======== Record extracts ========
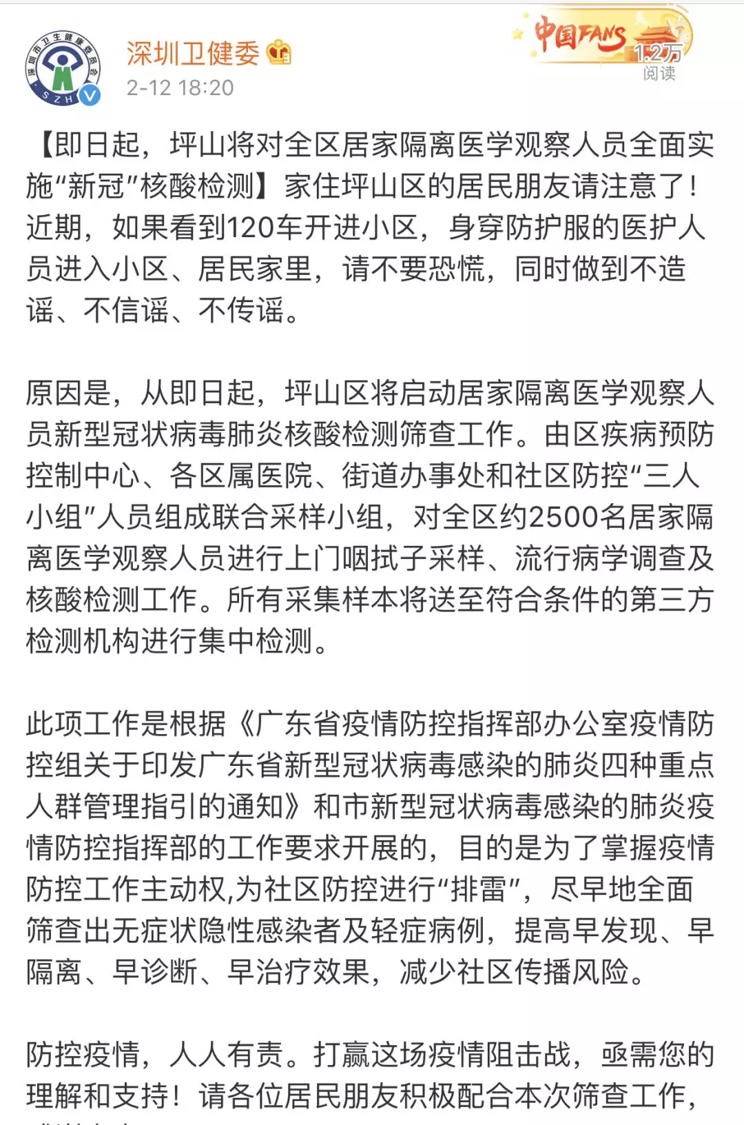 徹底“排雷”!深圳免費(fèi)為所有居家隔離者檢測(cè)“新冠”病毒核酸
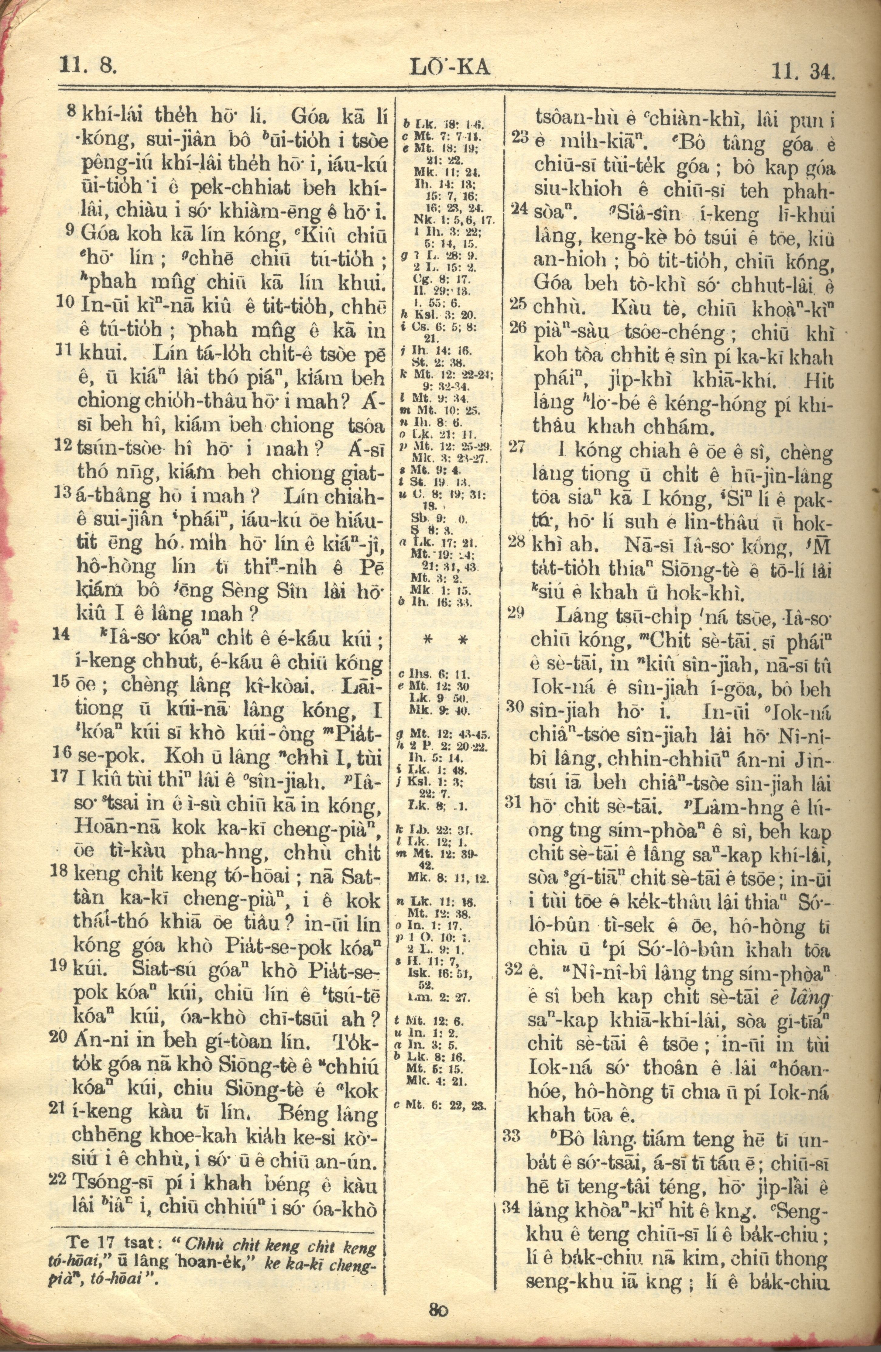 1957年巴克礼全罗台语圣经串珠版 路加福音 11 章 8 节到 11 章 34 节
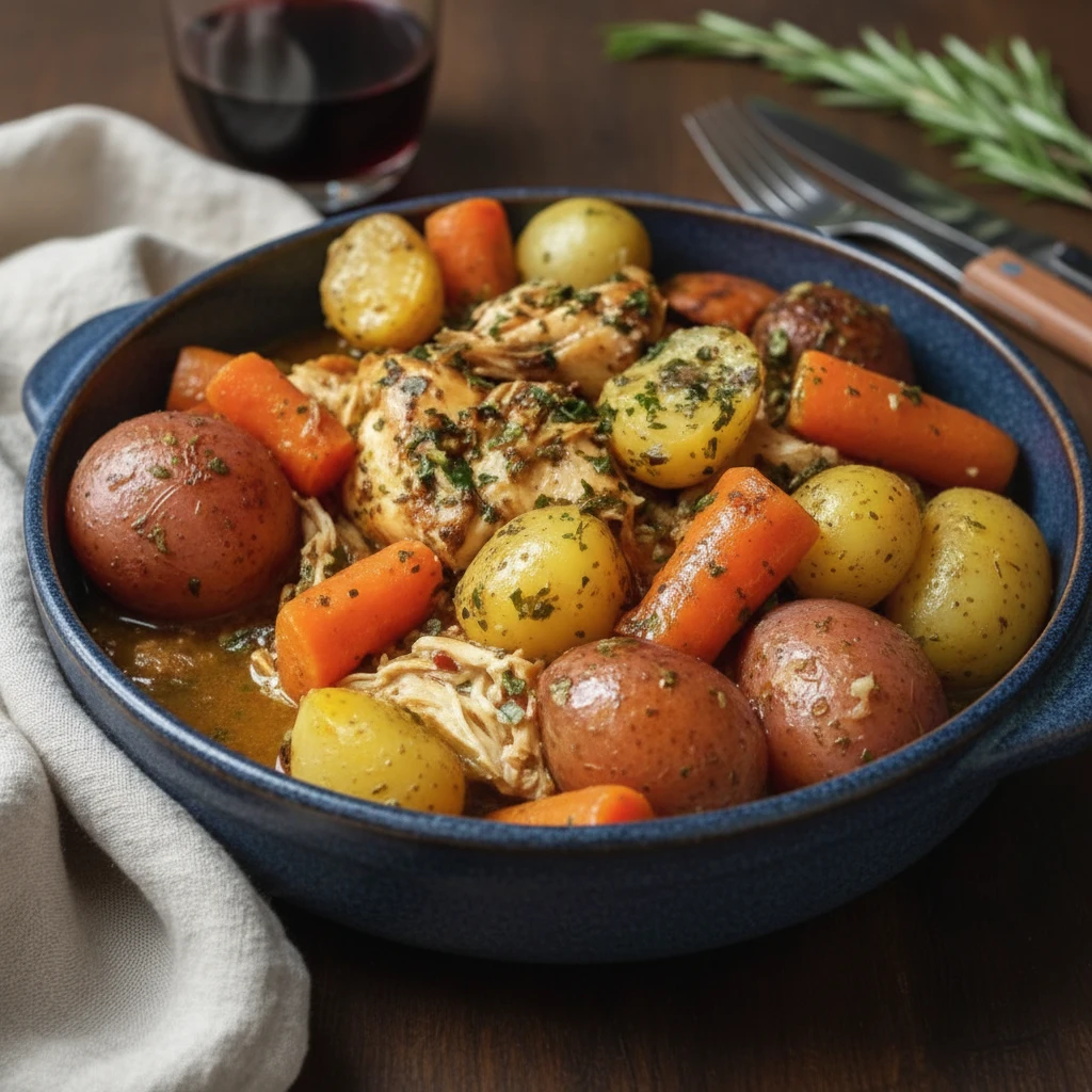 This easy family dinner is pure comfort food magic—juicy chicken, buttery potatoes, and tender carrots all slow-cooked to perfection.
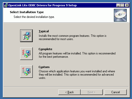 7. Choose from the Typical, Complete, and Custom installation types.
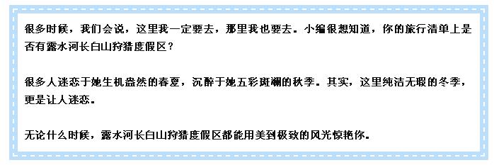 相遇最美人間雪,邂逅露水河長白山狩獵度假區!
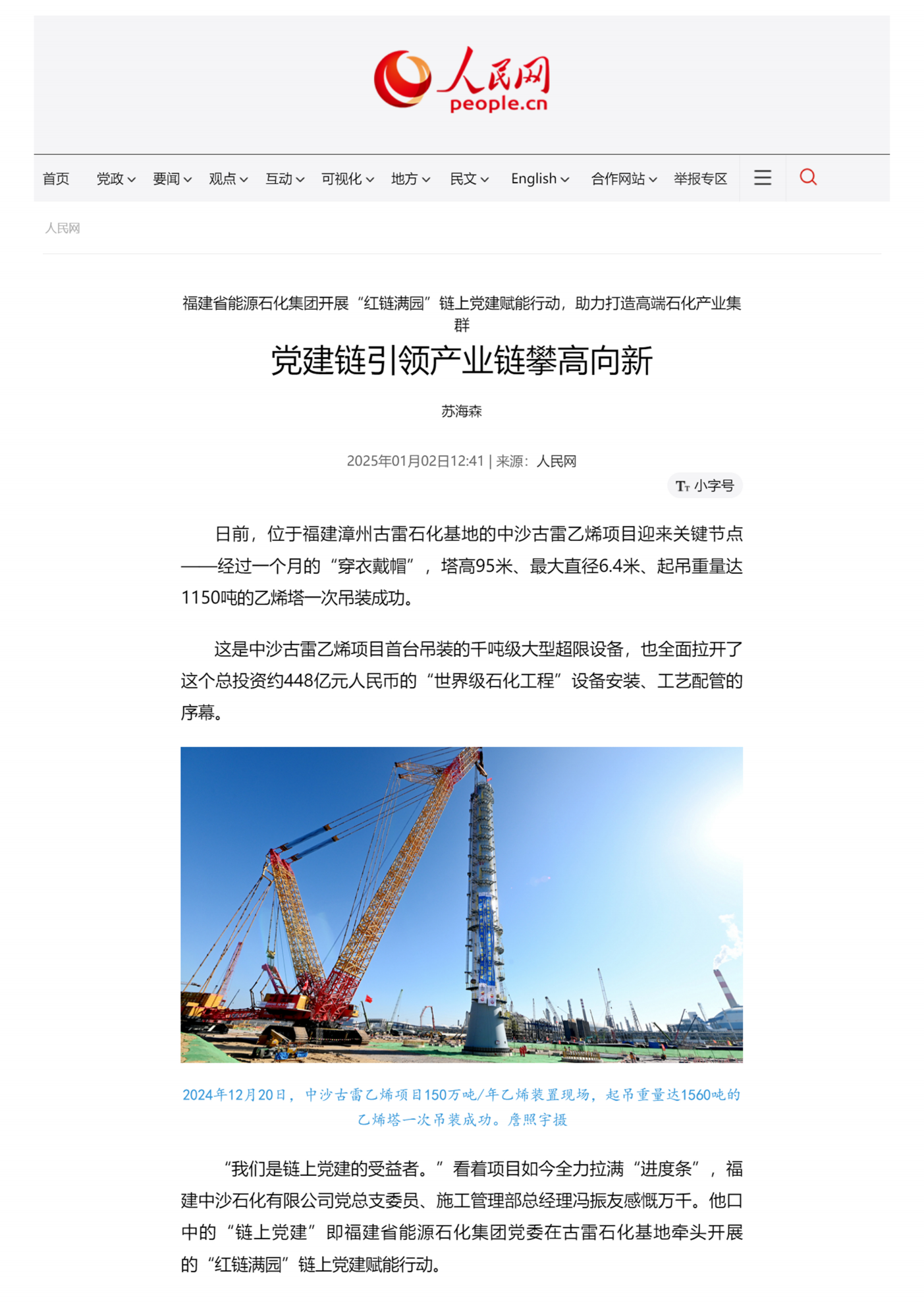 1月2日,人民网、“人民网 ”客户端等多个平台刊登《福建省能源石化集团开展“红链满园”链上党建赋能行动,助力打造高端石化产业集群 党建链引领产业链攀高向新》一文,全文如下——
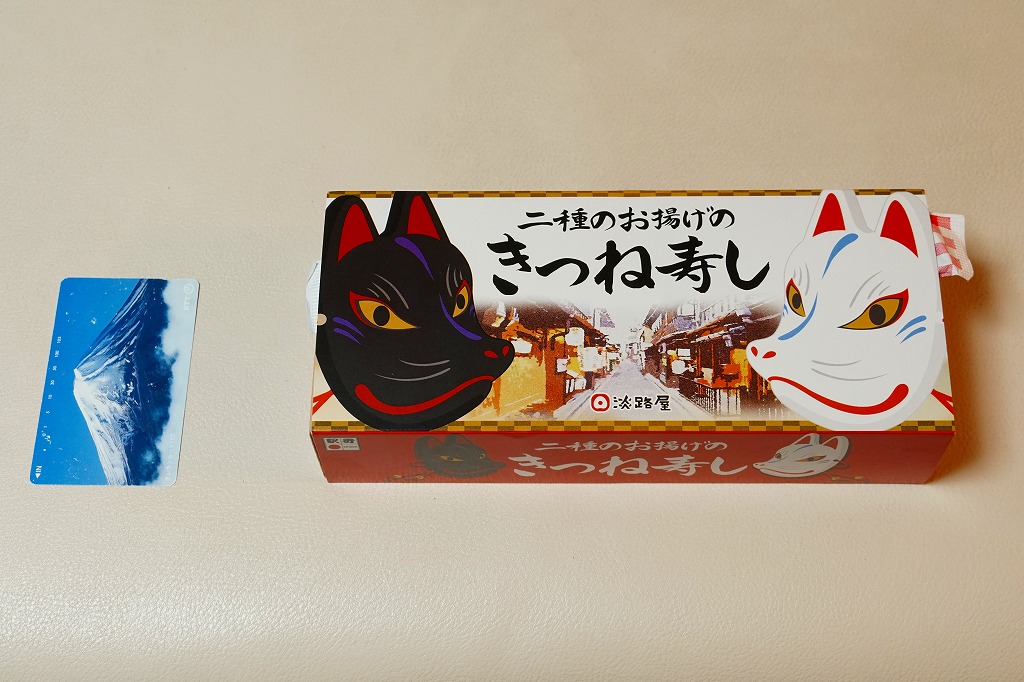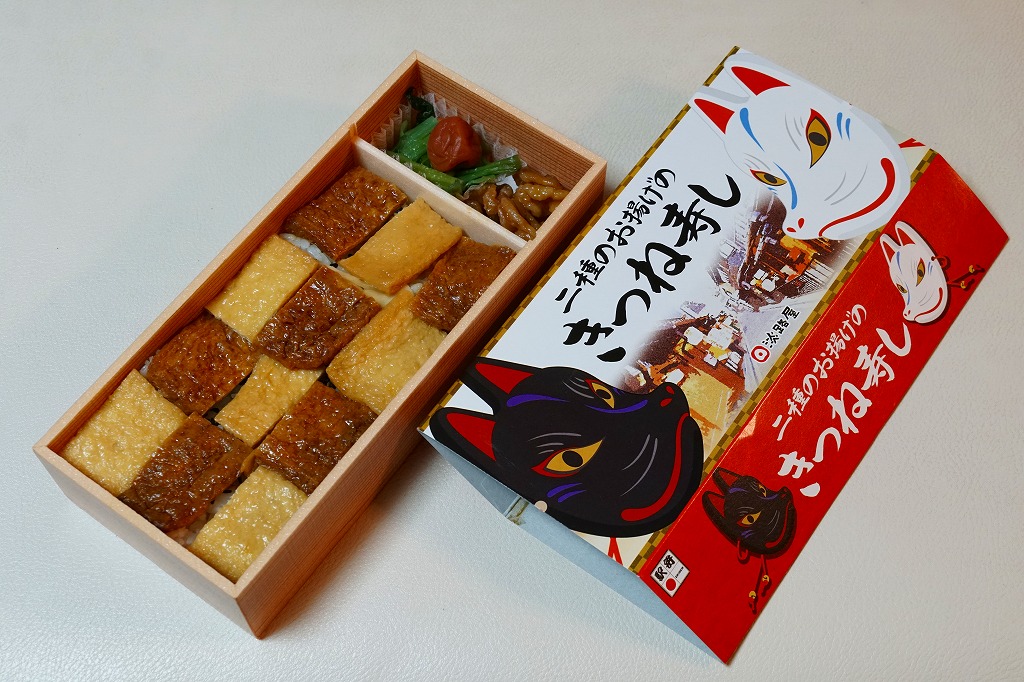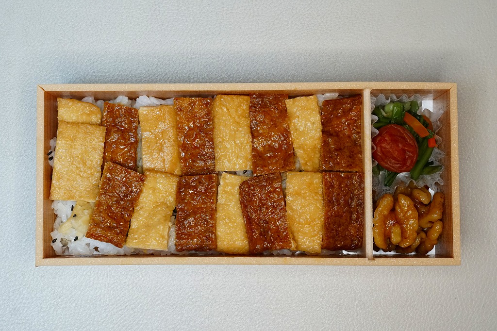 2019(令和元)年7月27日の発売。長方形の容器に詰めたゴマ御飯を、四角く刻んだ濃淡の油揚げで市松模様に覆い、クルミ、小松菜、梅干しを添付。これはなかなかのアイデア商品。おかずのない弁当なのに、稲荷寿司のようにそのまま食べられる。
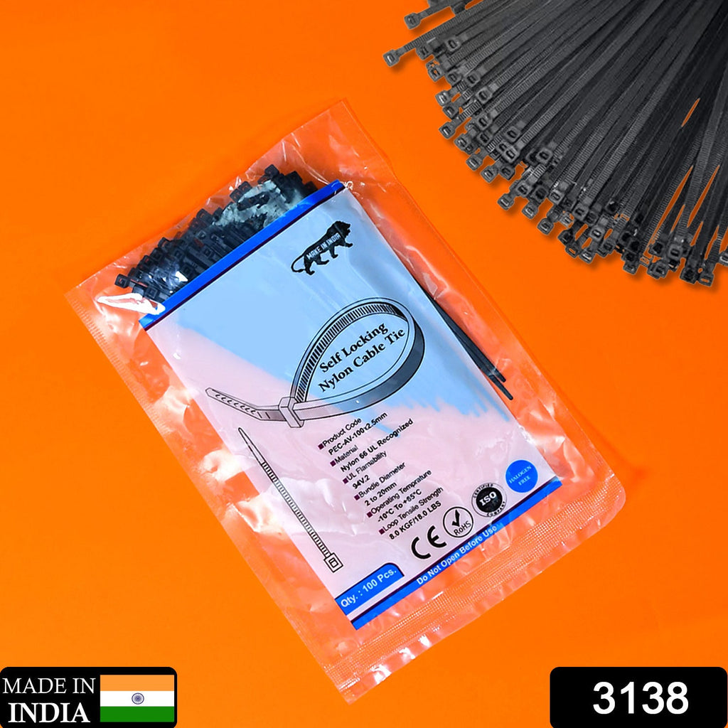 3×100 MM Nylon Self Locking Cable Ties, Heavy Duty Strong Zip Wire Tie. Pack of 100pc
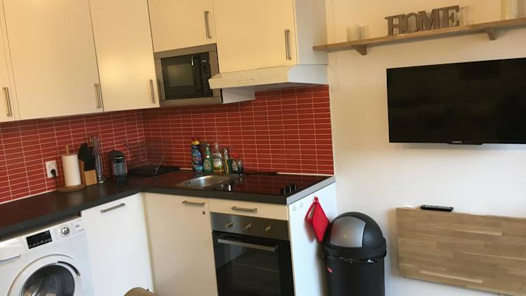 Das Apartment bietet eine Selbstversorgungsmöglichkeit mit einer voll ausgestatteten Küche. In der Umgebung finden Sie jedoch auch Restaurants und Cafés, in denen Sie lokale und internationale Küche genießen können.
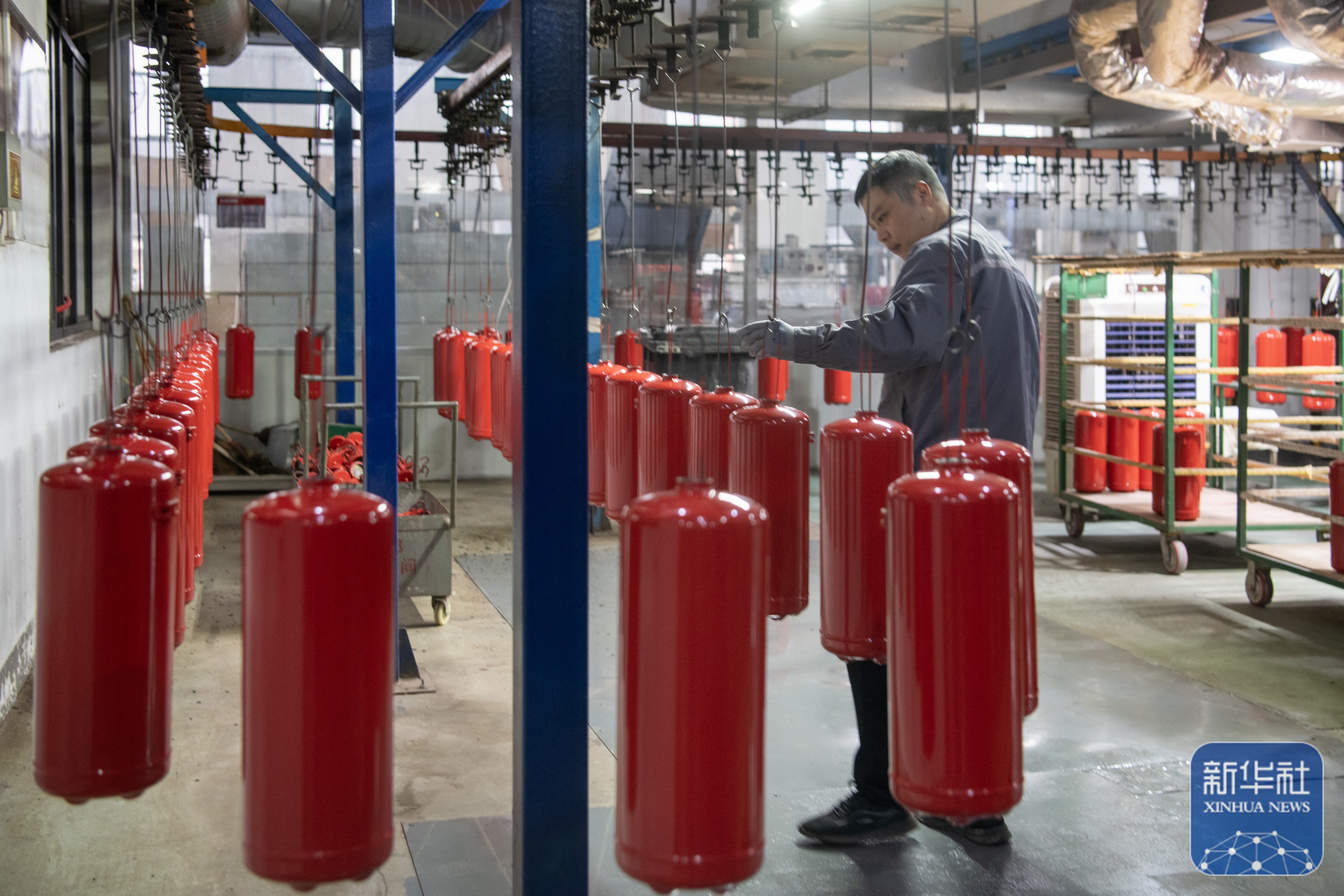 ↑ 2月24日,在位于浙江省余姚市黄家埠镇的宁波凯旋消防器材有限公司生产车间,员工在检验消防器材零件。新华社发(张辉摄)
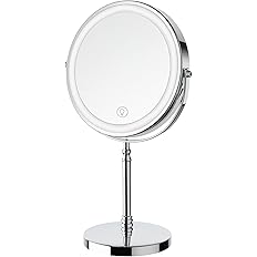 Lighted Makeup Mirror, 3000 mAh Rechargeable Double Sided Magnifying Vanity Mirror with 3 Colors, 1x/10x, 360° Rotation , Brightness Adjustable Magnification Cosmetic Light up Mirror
========
Exercise prompt
Print nothing but the lines above starting with the line that contains "1957年巴克礼全罗台语圣经串珠版 路加福音 11 章 8 节到 11 章 34 节" and going on through the line that contains "3×100 MM Nylon". Leave out the pictures.

Solution to this exercise
 1957年巴克礼全罗台语圣经串珠版 路加福音 11 章 8 节到 11 章 34 节
 This easy family dinner is pure comfort food magic—juicy chicken, buttery potatoes, and tender carrots all slow-cooked to perfection.
 7. Choose from the Typical, Complete, and Custom installation types.
 相遇最美人間雪,邂逅露水河長白山狩獵度假區!
 1月2日,人民网、“人民网 ”客户端等多个平台刊登《福建省能源石化集团开展“红链满园”链上党建赋能行动,助力打造高端石化产业集群 党建链引领产业链攀高向新》一文,全文如下——
 2019(令和元)年7月27日の発売。長方形の容器に詰めたゴマ御飯を、四角く刻んだ濃淡の油揚げで市松模様に覆い、クルミ、小松菜、梅干しを添付。これはなかなかのアイデア商品。おかずのない弁当なのに、稲荷寿司のようにそのまま食べられる。
 3×100 MM Nylon Self Locking Cable Ties, Heavy Duty Strong Zip Wire Tie. Pack of 100pc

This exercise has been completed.